Вот теперь он пытается собраться с мыслями. А что, собственно, случилось? Руслан хотел с ним серьезно поговорить. А вчера утром посылал в какие-то деревни. Ели, Богачи. Горетовка.
— Мне надо на работу.
— Да куда ж, Ванечка?!
— Не волнуйся, все прошло.
— Ты бы пообедал хотя бы.
Он не хочет расстраивать Зою. Сегодня она все сделала правильно. Без нее не справился бы. Главное — не надо на него кричать и ругаться, когда он в таком состоянии. Зоя умница, поэтому надо ее послушаться и поесть.
Глотает борщ, не чувствуя его вкуса. Пирожки с капустой берет с собой.
— Не волнуйся, все будет в порядке.
После обеда
Он и сам в это уже не верит. Сначала заходит в прокуратуру. Сообщает, что весь день будет «на выезде». Берет дело серийного маньяка. Раскладывает перед собой фотографии. По эпизоду в Горетовке, самому первому, материала больше всего. Труп нашли сразу, остальные нет. Они были забросаны ветками в глухих лесных массивах. Так написано.
Восемнадцать лет назад убийство в Горетовке. Два года — ничего. Не нашли или не было? Уверен: не было. Потом «осеннее» дело, взбудоражившее весь район. Та же Горетовка. Через год, снова осенью, убийство в Елях, еще через год в Богачах. Обе — женщины легкого поведения. Пили, курили, вели беспорядочную половую жизнь. Пятое убийство ближе к Р-ску: деревня Самойловка. Шестое — уже Р-ск. Это еще две женщины. Одна просто спившаяся бомжиха, другая — известная на весь город «давалка». Подводим жирную черту, потому что прошло десять лет. Дальше начинается эпоха следователя Мукаева, и в Ели, Богачи и Самойловку Руслан его сейчас посылает зря. Это другое. А Сидорчук, между прочим, левша. И скрывает это. И родился Илюша в Горетовке, следовательно, на момент первого убийства было Сидорчуку семнадцать лет. Школу заканчивал, десятый класс.

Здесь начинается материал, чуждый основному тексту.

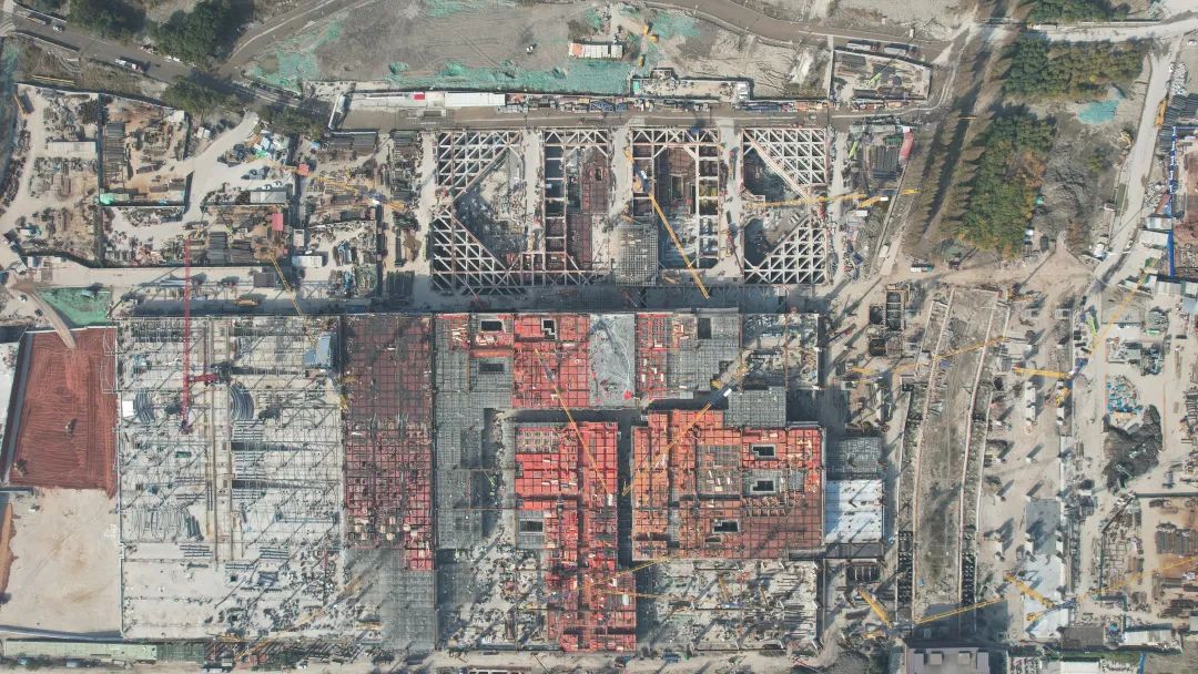 作为站城融合高铁枢纽之一、长三角一体化国家战略基础设施互联互通重大项目,当前,松江枢纽涉及站房区和西侧雨棚区承轨层结构施工已完成,预计年内完成所有承轨层施工内容,为完成主体结构和屋盖钢桁架施工创造了有利条件。
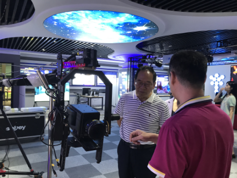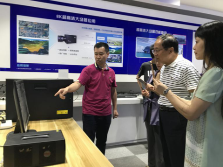超高清视频(四川)制作技术协同中心政企业务部总监吴成志带领钟吕坤主任和邓强英秘书长参观了协同中心的8K实验室展厅,钟吕坤主任重点了解了8K摄像机,8K超高清大场景应用,8K行业应用平台和专业的传输平台。

Заканчивал школу… Потом два года перерыва. Ну, конечно! Илюшу же в армию забрали! А потом Илья Сидорчук демобилизовался и поступил в мясомолочный институт. Летние каникулы заканчиваются в августе. Трупы находили в основном в сентябре. Сбор грибов в самом разгаре, вот и натыкались случайно. А Руслан еще так загадочно сказал: «Тот самый выпуск». Схема вырисовывается четкая. Убийство в конце мая — два года армии перерыв — дембель и второй труп — ежегодные жертвы перед началом осенней сессии.
Десять лет перерыва. Что это? Убивал в другом месте? Не мог не убивать. Раз в год требовалась жертва. Женщина легкого поведения, на которой убийца вымещал свое зло. Почему? Это связано с какой-то душевной травмой. Потрясение, которое психически неуравновешенный человек не смог пережить. Вот оно и пошло. Держался год, потом малейший повод, нервный срыв — и труп. Или все-таки десять лет держался, не убивал?

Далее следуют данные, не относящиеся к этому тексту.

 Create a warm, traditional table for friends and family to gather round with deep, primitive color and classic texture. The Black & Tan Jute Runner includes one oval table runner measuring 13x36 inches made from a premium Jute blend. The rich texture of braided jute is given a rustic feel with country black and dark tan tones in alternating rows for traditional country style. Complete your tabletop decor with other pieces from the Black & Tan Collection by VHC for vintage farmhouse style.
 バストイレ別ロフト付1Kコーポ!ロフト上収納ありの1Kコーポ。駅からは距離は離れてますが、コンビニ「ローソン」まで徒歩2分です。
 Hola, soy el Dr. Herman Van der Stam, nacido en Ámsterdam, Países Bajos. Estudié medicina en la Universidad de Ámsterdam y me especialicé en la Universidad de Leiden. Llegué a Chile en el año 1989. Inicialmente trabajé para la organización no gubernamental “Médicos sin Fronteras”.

Вспомнил Сидорчука: внешне непривлекателен, не женат, помешан на престиже и свихнулся на погоне за каким-то другом детства. Мол, у того есть все. У женщин Сидорчук успехом не пользуется. Почему скрывает, что левша?

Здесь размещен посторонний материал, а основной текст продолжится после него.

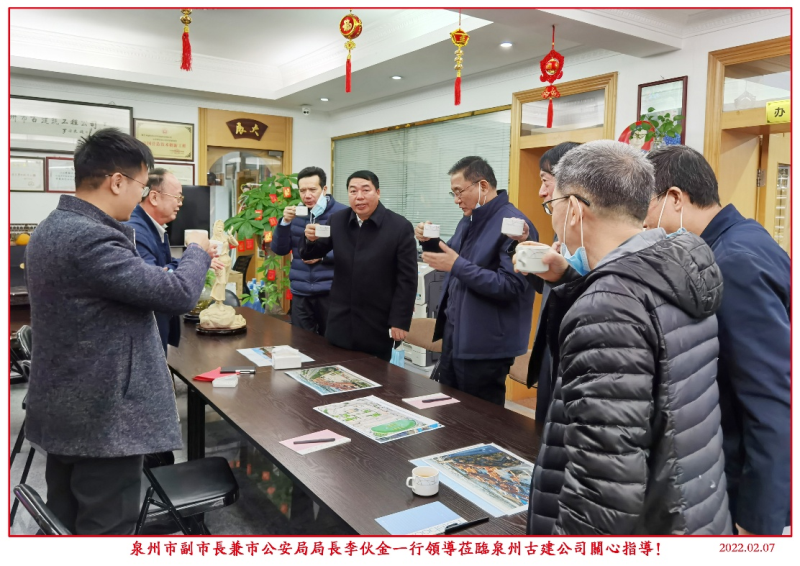 2月7日,正月初七,泉州市副市長(zhǎng)、市公安局局長(zhǎng)李伙金一行領(lǐng)導(dǎo)蒞臨泉州古建公司團(tuán)拜走訪,董事長(zhǎng)蔣欽全、總經(jīng)理蔣無(wú)盡熱情接待。
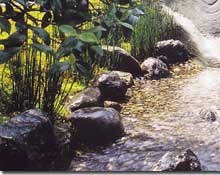 ほんものの自然は時間がつくりだしますが、造園家はその一瞬の風景を切り取って、眼前に再現しようとします。別べつの場所で時を重ねてきた素材を集め、まったく新しい必然性をつくりだします。しかし、巨大な滝石組みなど、大胆な発想を展開しても、最終的に安定した空間が生まれなければ、景としては成りたちません。数百年も前からそこにあったかのような姿に構成するには、自然の摂理に目を凝らし、数十トンの石のわずか1センチの位置にこだわり、ひたすら感性を磨きつづけるしかありません。技法や技巧は「隠し味」にすぎません。
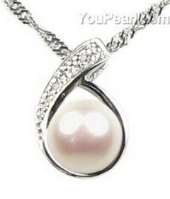 Drop shape sterling silver freshwater pearl pendant on sale, 9-10mm

Кстати, а где заключения эксперта насчет этого? Лихорадочно стал листать дело, пока не понял: ничего нет. Но ведь это очевидно: убийца был левшой. Удар-то характерный! Слева, прямо в сонную артерию. Только левша мог так ударить. Или… Человек, у которого одинаково развиты обе руки и тот хочет казаться левшой.